Get Reaper (free evaluation version, fairly cheap registration) and another drum plugin - there are more than a few, and I can't recommend one because it's too much of a matter of taste.

Jeff


----------



## Guamskyy (Aug 22, 2010)

JBroll said:


> Get Reaper (free evaluation version, fairly cheap registration) and another drum plugin - there are more than a few, and I can't recommend one because it's too much of a matter of taste.
> 
> Jeff



I actually have reaper, and can you at least tell me names of some? It'll lead me in the right direction


----------



## JBroll (Aug 22, 2010)

I don't know what's new and fun, but 

Drums : Free VSTi's : FreeMusicSoftware.org

should have a few good leads.

(I'd first try the SoftDrum LTD at Fretted Synth Audio, freeware VST effect and instrument plug-ins at rekkerd.org with whatever good drum samples you've pulled together so far.)

Keff


----------



## ephrion (Aug 22, 2010)

Don't forget to program in the dynamics.


----------



## Guamskyy (Aug 23, 2010)

ephrion said:


> Don't forget to program in the dynamics.

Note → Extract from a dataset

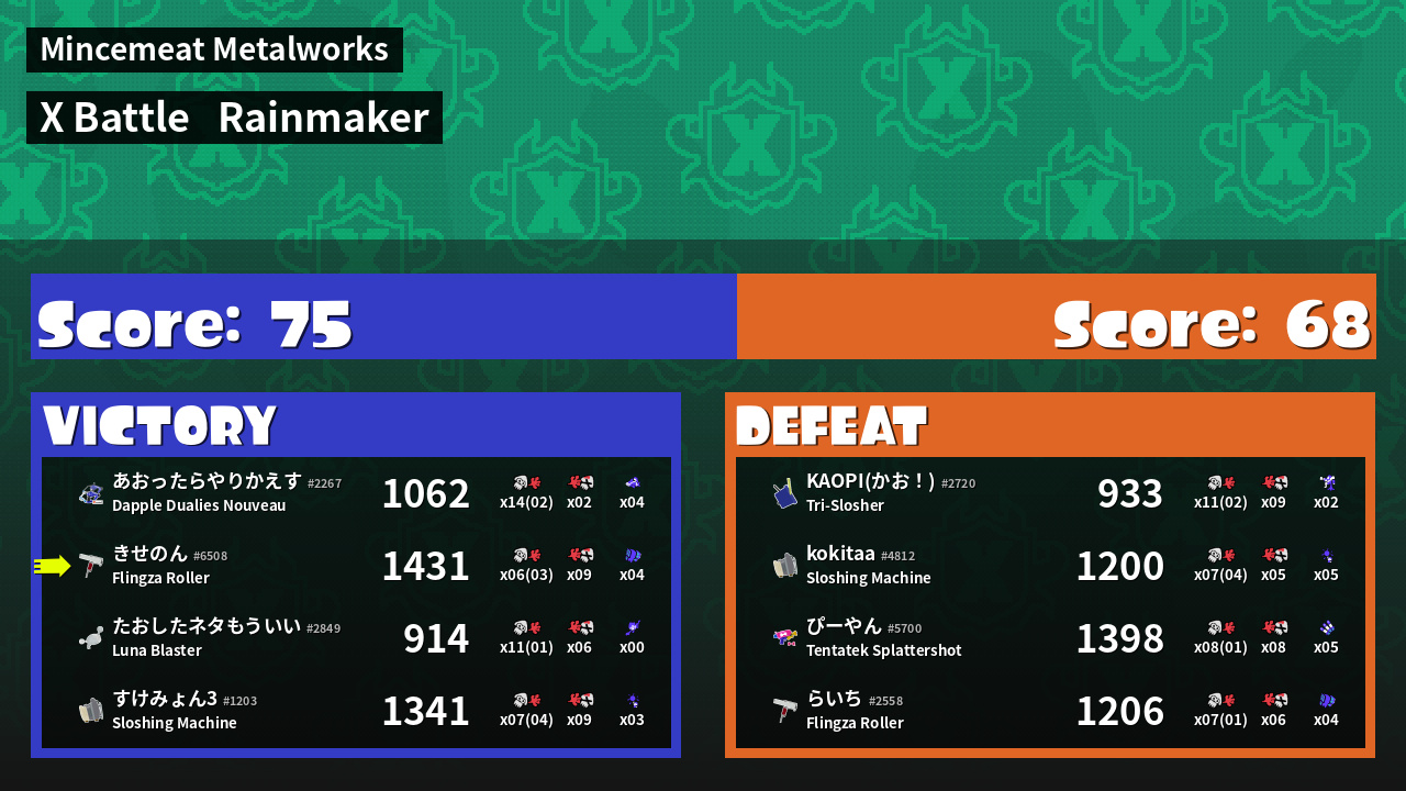 | Weapon | Flingza Roller ( Ink Mine / Tenta Missiles) | ||

?And how would you do that?


----------



## Winspear (Aug 23, 2010)

guambomb832 said:


> ?And how would you do that?


MIDI velocity. Can probably be set accurately within Reaper, but if not, the dynamics in GP (fff,ff,mp etc).


----------



## HamBungler (Aug 23, 2010)

Get Hydrogen, they have some pretty decent digital drums and its completely free.


----------



## randomshredder (Aug 31, 2010)

Tons of samples all over the internet, get ktdrumtrigger and trigger high quality samples using your MIDI drum file.


----------